Contemporary Bristol residents could get a good glimpse into the past at the Bristol Historical Society display under the big tent on Kelly field. The Bristol High School Courier Yearbooks were out for people to browse, with photographs of such luminaries as "Wink" Tapply, Luther Mitchell and Barbara Greenwood herself, in their high school years. There were tall stacks of the Bristol Enterprise, and articles about the Lakeview Inn and Casino at the southern tip of Newfound Lake, back in the day. Bristol has such a vivid, rich history within remembrance of some of the many "old-timers," some in their 80's and 90's, that we are fortunate enough to have still amongst us to this day. Bristol is just "that kind of place," after all—a real small town community with plenty of local character.

That contemporary local character was also evident as the day wore on...with a hardworking crew from the Bristol Lions Club on hand holding a benefit auction to raise money for one young Bristol resident who is suffering from a life threatening immune condition, and for his family which is cash strapped with expenses for his medical treatment and care. But as it always does, the community works together to meet the needs of the neighbors and friends that we love. Dozens of local businesses heeded the call to donate items for the Lions' silent auction, and many more took time out to bid on the baskets of goodies that were assembled for the cause. A hearty thank you goes out to everyone who gave, and everyone who worked so hard to extend a helping hand to some very worthy folks.

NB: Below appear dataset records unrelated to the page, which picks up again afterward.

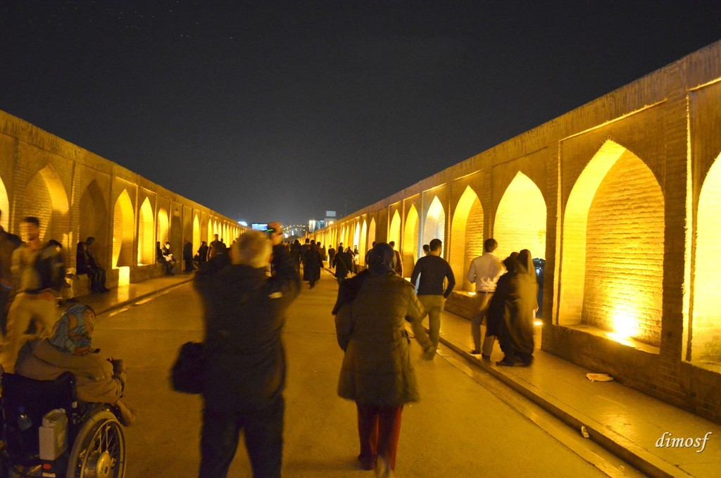καθόταν στα πεζούλια, φλέρταρε (ναι, φλερτάρουν και στο Ιράν, διακριτικά βέβαια) και που και που άκουγες κάποιον να τραγουδάει πολύ παθητικά. Είναι μια συνήθεια σε αυτές τις γέφυρες. Υπάρχει, μάλιστα, κάποια συγκεκριμένη μέρα της εβδομάδας, που γίνεται ένα είδος άτυπου διαγωνισμού τραγουδιού. Ξεκινά κάποιος ένα παθητικό, μακρόσυρτο, ανατολίτικο τραγούδι, το παίρνει στη συνέχεια κάποιος άλλος και πάει κορδόνι. Οι τραγουδιστάδες είναι αραγμένοι μέσα στις καμάρες και τους βλέπει μόνο όποιος είναι σε εκείνο το σημείο. Έτσι ακούς τραγούδι, που έρχεται πότε από εδώ, πότε από εκεί και εσύ απλά απολαμβάνεις. Σκέτη μυσταγωγία!!!
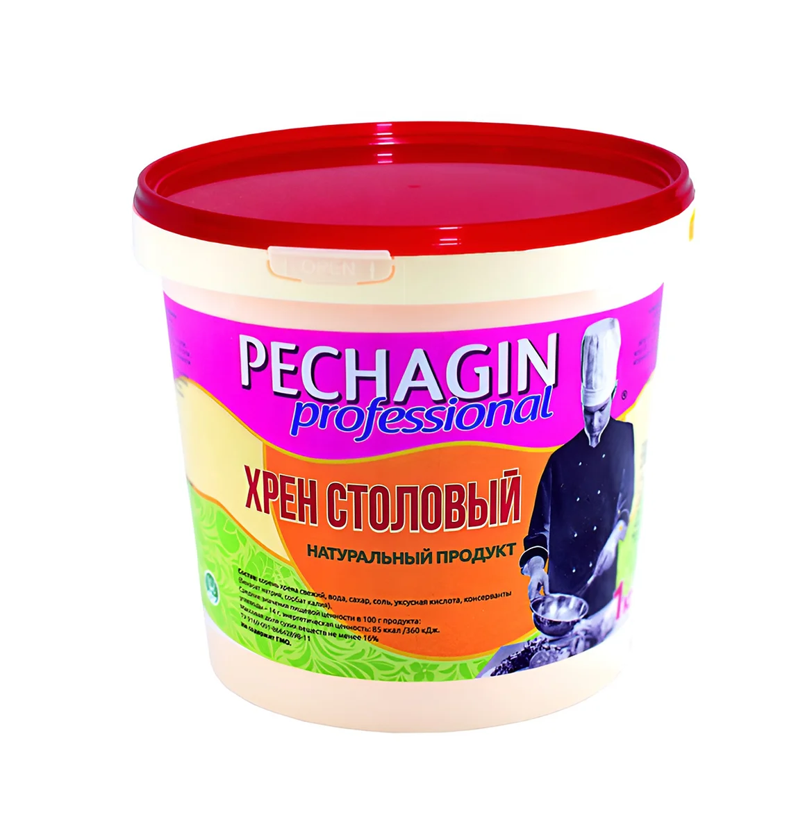Хрен Pechagin Professional столовый, 1кг отличается насыщенным пикантным вкусом и станет удачным дополнением к самым разным блюдам. Его можно подавать к отварному, запеченному и жареному мясу, заливному, курице, салу и шашлыку, использовать для приготовления хот-догов и сэндвичей. Хрен обладает традиционным светло-бежевым цветом и однородной густой консистенцией, которая хорошо распределяется и удерживается на поверхности продуктов. Он помещен в экологичную упаковку, которой хватит на множество порций. Она обеспечивает герметичность и предотвращает контакт содержимого с воздухом, продлевая срок хранения и сохраняя свежесть продукта.
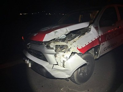 Na noite desta quarta-feira (7) uma viatura da Polícia Militar do estado da Paraíba (PMPB), modelo S10, colidiu contra um animal solto no meio da BR-232 em Serra Talhada. O acidente ocorreu por volta das 21h30, na altura do KM-415.

The day ended, as it has for many, many years, with the annual lobster and chicken dinner to benefit the Tapply Thompson Community Center, accompanied by the music of the "one man band" Carroll Brown, followed by music provided by WLNH and a display of fireworks at Kelly Park. All in all, it was not a bad way to spend the day with family and friends, old and new, for the weekend just before the kids as scheduled to go back to school. While the summer isn't officially over, and there are still a few local "Old Home Days" on the agenda in the local region, the Bristol Old Home Day is a wonderful way to put an exclamation point on the summer of Old Home Day events, and to gather to relax and enjoy one another's company before heading back to the regular "off season" way of life.